Goal of the exercise
What you return should be the lines from the one with "Zara Shoes Zara" through the one with "Blending traditional Kanji" in the data below, reproduced exactly with both ends, and no pictures at all.

─── Source data

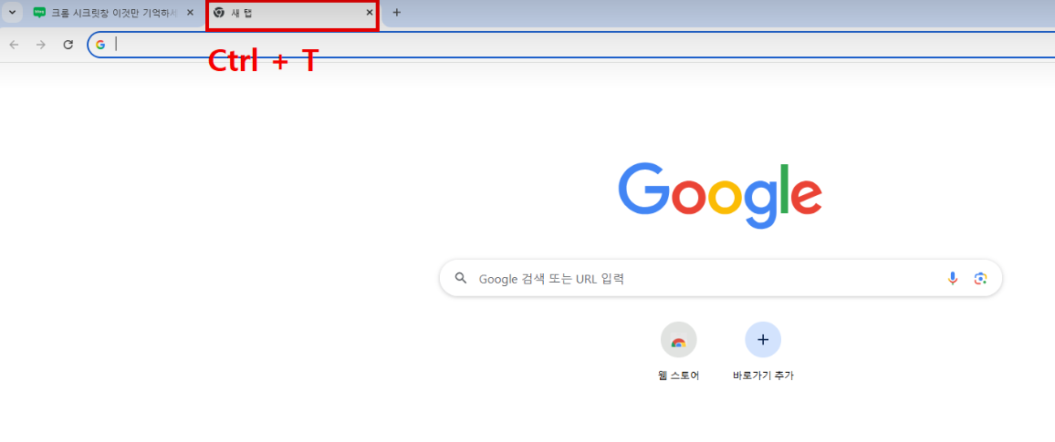 새 탭 열기 : Ctrl + T -> 한 번에 새로운 탭을 열 수 있는 기능
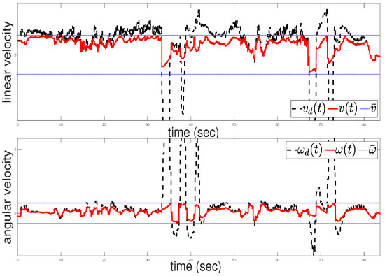 A video showcasing the real-world experiment and the tracking performance can be accessed via the following link: https://www.youtube.com/watch?v=Sty73Vd3SMQ (accessed on 2 June 2024). Figure 12 depicts the commanded velocity of the robot throughout the experiment. Notably, the upper subfigure in Figure 12 shows instances where the commanded linear velocity becomes abruptly negative at approximately the 35-th and 68-th seconds, resulting in backward motion. This behavior, observable in the linked video, is attributed to the presence of the virtual obstacle that significantly increases the collision avoidance term , preventing the robot from approaching the obstacle. This highlights the importance of selecting smaller control gains to enhance the system’s response in such scenarios. It can be concluded that, in the real-world scenario, the commanded velocities given by the control scheme are more oscillatory than those in the simulation study. This phenomenon can be attributed to practical constraints such as slip, as well as delays introduced by measurements, both of which hinder the algorithm’s performance, as expected.
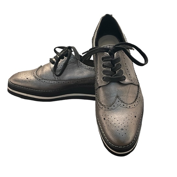 Zara Shoes Zara Woman Metallic Pewter Platform Oxford Shoes Size 7
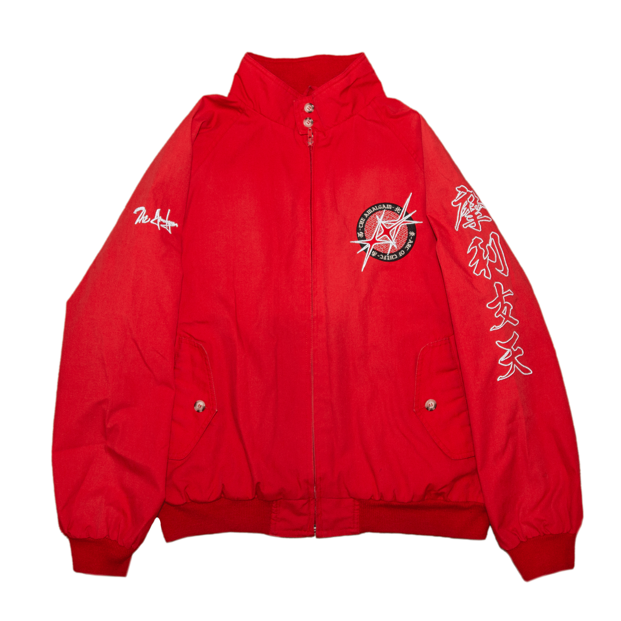 Blending traditional Kanji graphics with industrial embroidery placement, this drop nods to both the bōsōzoku aesthetic.
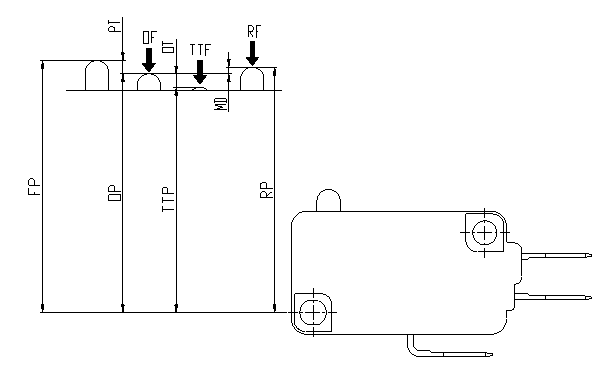 When the force on the transmission element is removed, the action reed produces a reverse action force. When the reverse stroke of the transmission element reaches the critical point of the action of the reed, the reverse action is instantaneously completed. The contact distance of the micro switch is small, the action stroke is short, the pressing force is small, and the on-off is rapid. The movement speed of the moving contact has nothing to do with the movement speed of the transmission element.
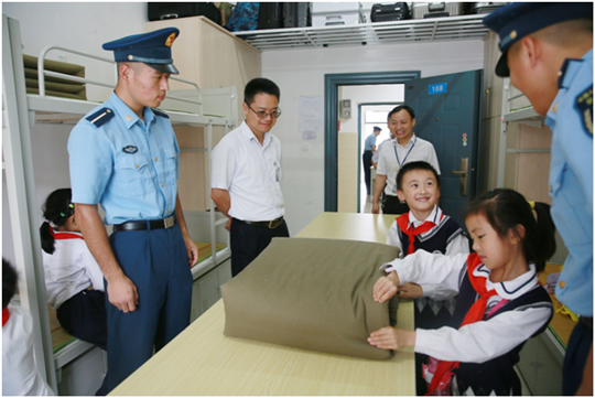 参观完航空馆和停机坪后,小朋友们来到了士官学院营区。首先是介绍宣传栏里英模人物事迹,让小朋友永远铭记现在的幸福生活是无数革命先烈牺牲奉献换来的。而后进入学员宿舍,小朋友们立即被眼前整齐划一、直线加方块的内务设置所折服,为真切体会部队的生活,学员们教小朋友一起开始了制作“豆腐块”行动,培养他们动手叠被子的好习惯。在航模演示现场,学员们以娴熟过硬的操控技能,赢得了小朋友们的阵阵喝彩,并现场教他们实现“蓝天”梦。紧接着,小朋友们观摩了学员们精彩的队列表演,接受队列训练,跟着学员一起激情昂扬地喊出“参军光荣、祖国伟大”的口号。而后在最为精彩刺激的模拟轻武器操作与射击场,小朋友们在学员的指导下,认真学习瞄准、击发动作,过了一把“当兵瘾”,有的小朋友竟然也命中了10环,那种兴奋之情溢于言表。活动进行到最后,学生代表现场进行了诗歌朗诵,讴歌了对军人的崇敬,表达了对军队的向往,将活动推向了又一个高潮。许多小朋友们纷纷表示,今年的“六一”儿童节过得很有意义,以后要好好学习,将来长大了参军入伍、保卫祖国。
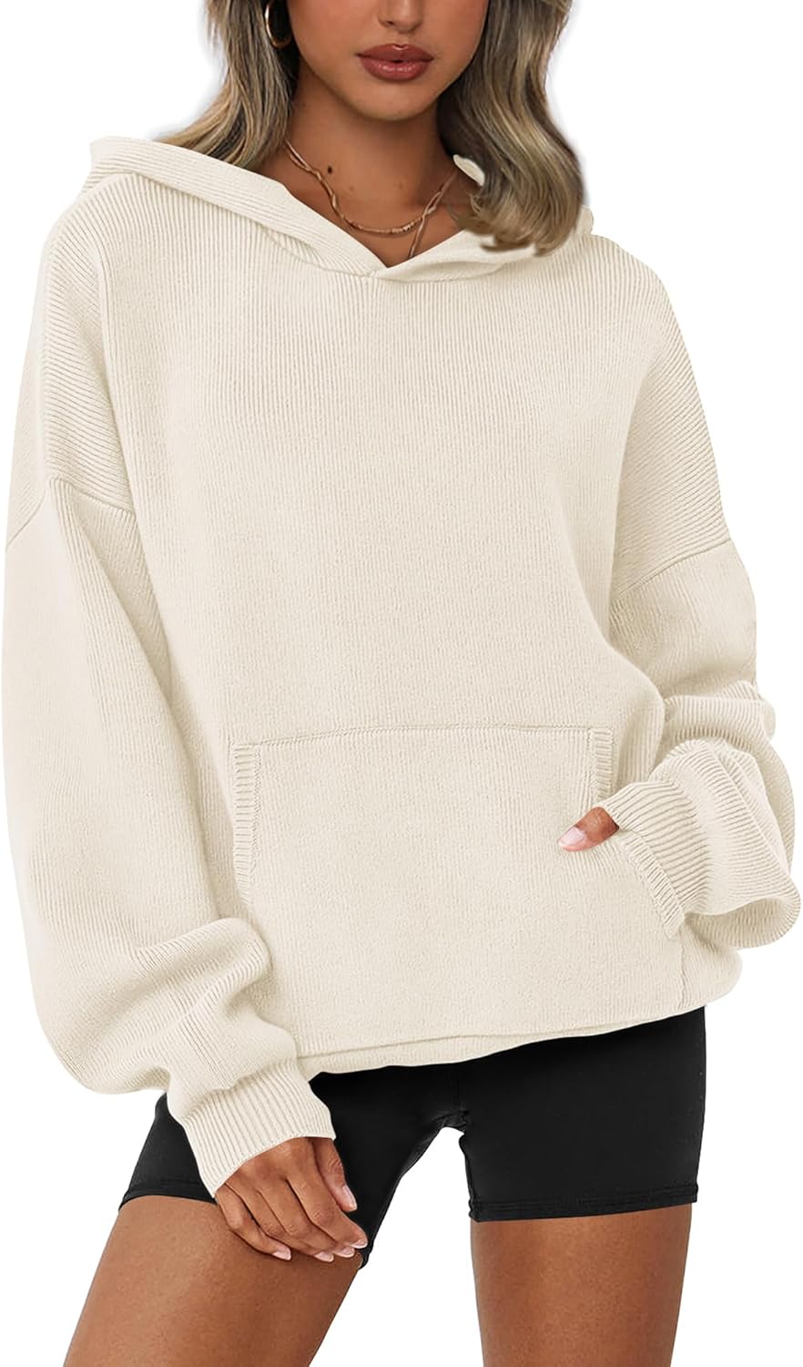 dowerme Women Oversized Sweaters 2026 Lantern Long Sleeve Drop Shoulder Chunky Knit Hooded Pullover Sweater with Pocket
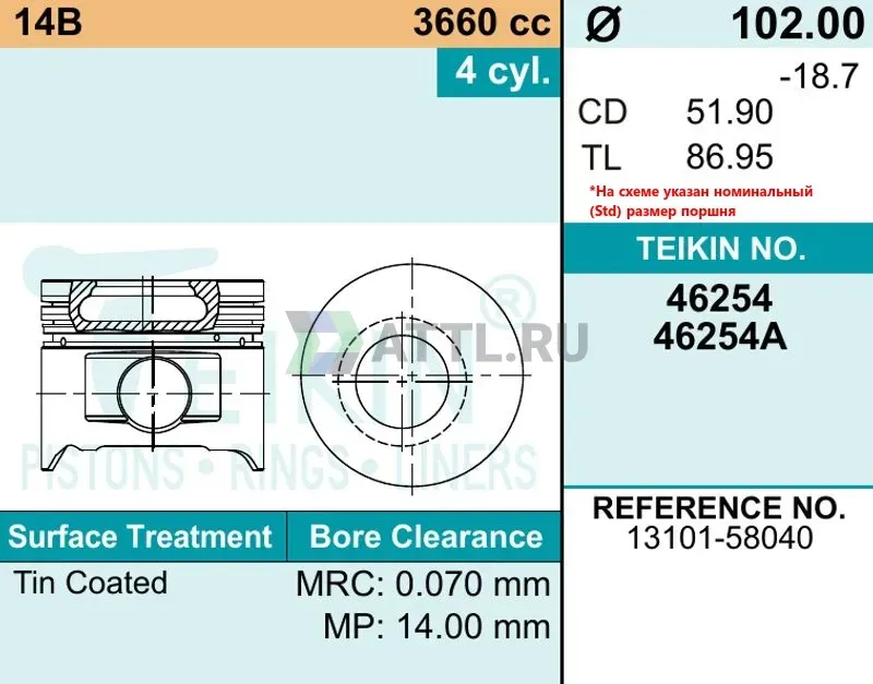 Кольца поршневые OEM #13011-58050, 13011-58051, 13011-58070, 13013-58050, 13013-58070, 13014-58050, 13014-58070, 13015-58050, 13015-58070
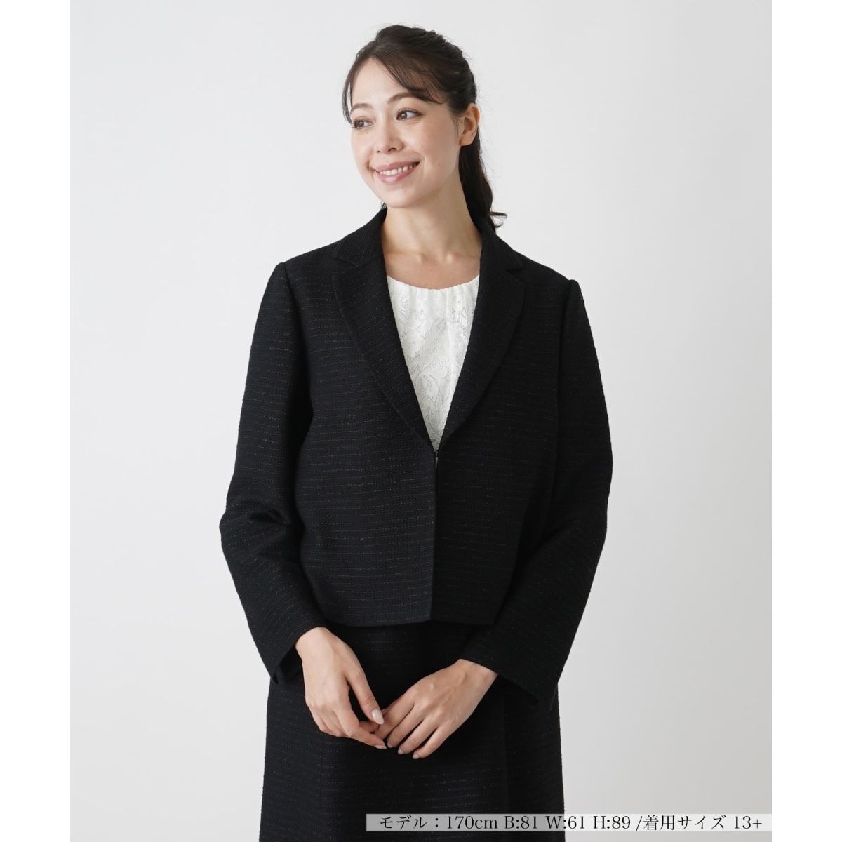 大人の女性らしい上品さを感じさせながらも、軽やかな印象でスタイリングできるテーラードジャケット。ざっくりと織り上げた独特な表情のある生地を使用しており、程よい丈感のコンパクトなシルエットがスタイリッシュなムードを引き立てる一着。フロントはホック留めでシンプルにデザインしており、スリット入りの袖口は折り返してのアレンジも可能。落ち着いたシックな色合いでブラウスやボトムスともコーディネートしやすく、使い勝手のよいアイテムです。
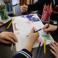本日放課後、卒業式の日の黒板アートや学級掲示の飾りつけに向けて、先生方の助言をいただきながら、デザインの再検討を行いまし…
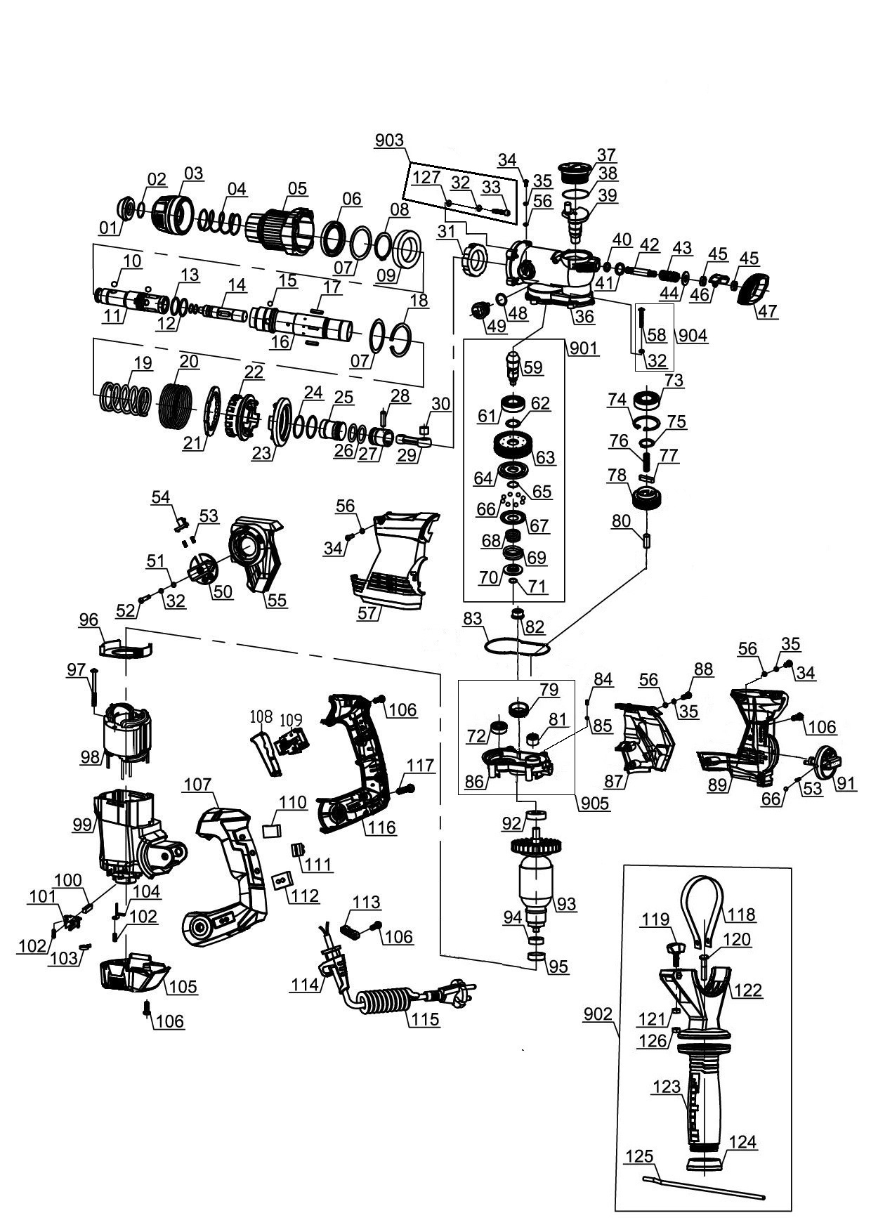The TE-RH 32 E hammer drill with pneumatic hammer action is a high-quality and extremely versatile powerhouse for experts, which is indispensable on challenging building, renovation and chiseling jobs. This all-rounder is equipped with all four functions needed for universal use: hammer drilling, drilling, and chiseling with and without chisel lock. The SDS-Plus chuck enables drill bits and chisels to be changed quickly without tools. The vibration-absorbing grip of the TE-RH 32 E hammer drill signals the optimum contact pressure by "Press-control" – an important feature for low-wear yet high-speed operation. Complete with speed electronics for sensitive and smooth initial drilling. The aluminium gear head of the hammer drill has a robust design. Its ribbed additional handle for enables secure fastening without unwanted twisting. Two LEDs indicate not only when the tool is ready for use but also warn you automatically when worn brushes require servicing. High safety during operation is assured by an overload slip coupling which reacts immediately to any sudden jamming of the bit. An infinitely adjustable drilling depth stop made of metal enables exact, repeat drilling depths. The hammer drill can be put away in the practical transport and storage case with just a twist of the wrist.
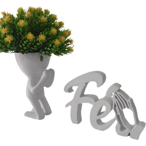 Vaso Robert Orando + Palavra Fé - Decoração Religiosa Sala Cor: branco Enfeite sua casa com fé e estilo: Kit Decoração Religiosa com Vaso Orando e Letreiro 3D Fé Cultive a fé e a positividade no seu lar com este kit decorativo único e inspirador. O vaso em formato de mãos em prece, feito de plástico PLA resistente e não agride a natureza mais importante , é perfeito para abrigar suas suculentas favoritas. E para completar, o letreiro Fé em 3D traz um toque moderno e cheio de significado para sua decoração. Detalhes encantadores:
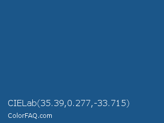 CIELab 35.39,0.277,-33.715 Color is a normal blue color and the nearest color is Blumine #18587a. Hex code #1b5689 and RGB value is rgb(27,86,137). In RGB color space, this color is composed of 11% red, 34% green, 54% blue, In CMYK color space, this color is composed of 80% cyan, 37% magenta, 0% yellow , 46% black , In HSL color space, this color has a hue angle of 208° , 67% saturation and 32% lightness.

──────

Expected output
 Zara Shoes Zara Woman Metallic Pewter Platform Oxford Shoes Size 7
 Blending traditional Kanji graphics with industrial embroidery placement, this drop nods to both the bōsōzoku aesthetic.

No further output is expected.